LLMs like GPT (Generative Pre-trained Transformer) are trained on vast amounts of text data for predicting the next token in a sequence, making them highly effective at understanding language context and nuances. In whimsy, an LLM is used as a probabilistic model to predict the likelihood of subsequent tokens in the text. This predictive capability is crucial for efficient compression as it allows whimsy to assign shorter codes to more probable tokens, thus reducing the overall size of the encoded data.
Arithmetic coding is a form of entropy encoding used in lossless data compression. Unlike traditional binary encoding, which assigns fixed-length bits to input characters, arithmetic coding encodes the entire message into a single number, a fraction n, where 0.0 ≤ n < 1.0. The efficiency of arithmetic coding comes from its ability to use fractional bits to encode symbols according to their probabilities:
- Probabilistic Model: The probabilities used in arithmetic coding must be as accurate as possible to achieve optimal compression. This is where the LLM comes in, providing a probability distribution for each token based on its context in the text.
- Encoding Process: The encoder works by narrowing down an interval based on the probabilities of each token appearing next in the sequence. This interval is continually refined as each token is processed.
- Decoding Process: To decode, the process is reversed. Starting with the encoded number, the decoder uses the same probabilistic model to determine which token corresponds to the current interval.
The integration of an LLM with arithmetic coding in whimsy allows for the dynamic adjustment of the probability model as each token is read:
- Dynamic Probability Adjustment: As the LLM reads each token, it adjusts the probability model based on what it has processed, thus continually refining the compression efficiency based on the actual data.
- Context Sensitivity: The context window of the LLM plays a significant role. It determines how much of the previous text the model can consider when predicting the next token, which directly impacts the effectiveness of the compression.
whimsy’s compression mechanism is built around the integration of Large Language Models (LLMs) with arithmetic coding, specifically tailored for handling natural language text. Here’s a deeper theoretical insight into the process:
- Tokenization and Model Initialization:
- Tokenization: The input text is first tokenized. This involves converting the string of text into a sequence of tokens, which are smaller, manageable units (like words or subwords) that the LLM can process.
- Model Initialization: The compressor is initialized with a pre-trained LLM, which is configured to predict the probability of each token based on the sequence that precedes it.
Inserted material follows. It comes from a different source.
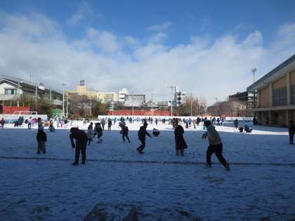 1・2時間目にしんしんと降り積もった雪に大喜び!

- Logit to Probability Conversion:
- Logits: Logits are raw predictions from the LLM that represent the unnormalized log probabilities of each potential next token.
- Probability Calculation: The logits are transformed into probabilities using a softmax function, which exponentiates and normalizes the logits, making them sum to one.
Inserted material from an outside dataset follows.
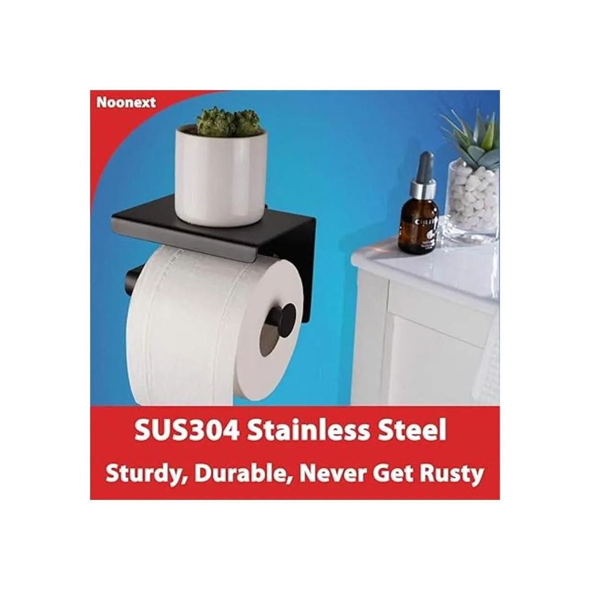 Adhesivo para papel higiénico negro mate, soporte para rollo de papel higiénico con estante, adhesivo 3M sin taladro o montado en la pared con tornillos para baño y cocina

- Frequency and Cumulative Distribution Function (CDF):
- Frequency Scaling: Probabilities are then scaled by a constant factor (FREQ_SCALE_FACTOR) and rounded to the nearest integer to produce frequency counts for each token. These frequencies represent how often each token is expected to appear, based on the model’s predictions.
- Cumulative Frequencies: The cumulative frequency distribution is calculated by summing these frequencies. This CDF is crucial for the next step—arithmetic coding.
- Arithmetic Coding:
- Encoding: The compressor uses the CDF to encode each token into a compact binary format. The encoding process involves narrowing down an interval based on the CDF values for each token, effectively compressing the data into fewer bits.
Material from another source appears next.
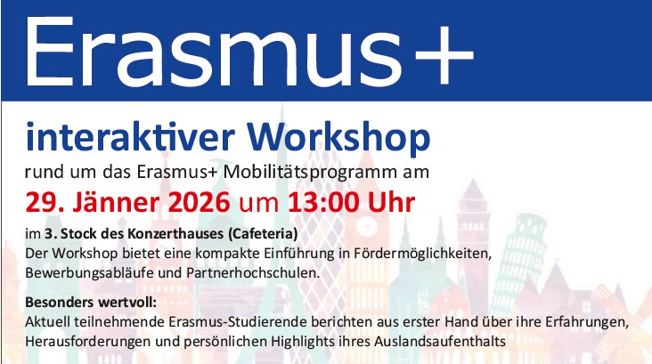 ...rund um das Erasmus+ Mobilitätsprogramm! Der Workshop bietet eine kompakte Einführung in Fördermöglichkeiten, Bewerbungsabläufe und Partnerhochschulen. Besonders wertvoll: Aktuell teilnehmende Erasmus-Studierende berichten aus erster Hand über ihre Erfahrungen, Herausforderungen und persönliche Highlights ihres Auslandaufenthalts. Treffpunkt: 3. Stock (GMPU) in der Cafeteria

The decompression process essentially reverses the steps of compression, using the same probabilistic models to reconstruct the original text from the encoded data:
- Bitstream to BASE64 Conversion:
- The compressed data, encoded as a bitstream, is first converted from BASE64 encoding back to a binary format.
- Arithmetic Decoding:
- Initialization: Similar to compression, the decompressor initializes the same LLM to recreate the probability distributions for each token.
- Decoding Process: Using the arithmetic coding technique, the decoder interprets the binary data. It reconstructs the original token sequence by selecting tokens that correspond to the specific intervals in the cumulative frequency distribution.
- Token Reconstruction:
- As tokens are decoded, they are collected and concatenated to reconstruct the original sequence of text.
- Detokenization:
- Finally, the sequence of tokens is converted back into a string of text, producing the original message.
To manage larger texts that exceed the LLM’s context window, the text is divided into manageable chunks that fit within the model’s limitations. Each chunk is processed independently, ensuring that the entire text can be efficiently compressed and decompressed without loss of context or meaning.
Error handling mechanisms are also integrated to address potential issues during tokenization or encoding, ensuring the integrity and accuracy of both compressed and decompressed data.
While powerful, the approach used in whimsy comes with specific limitations:
- Inference Speed: The speed of the LLM’s inference can significantly affect both compression and decompression speeds. This is because each token’s encoding and decoding depend on the LLM’s output, which can be computationally intensive.
- Context Window Size: The maximum size of input text that can be effectively compressed in one pass is limited by the LLM’s context window. Larger texts need to be broken down or require batching mechanisms, which are currently under development.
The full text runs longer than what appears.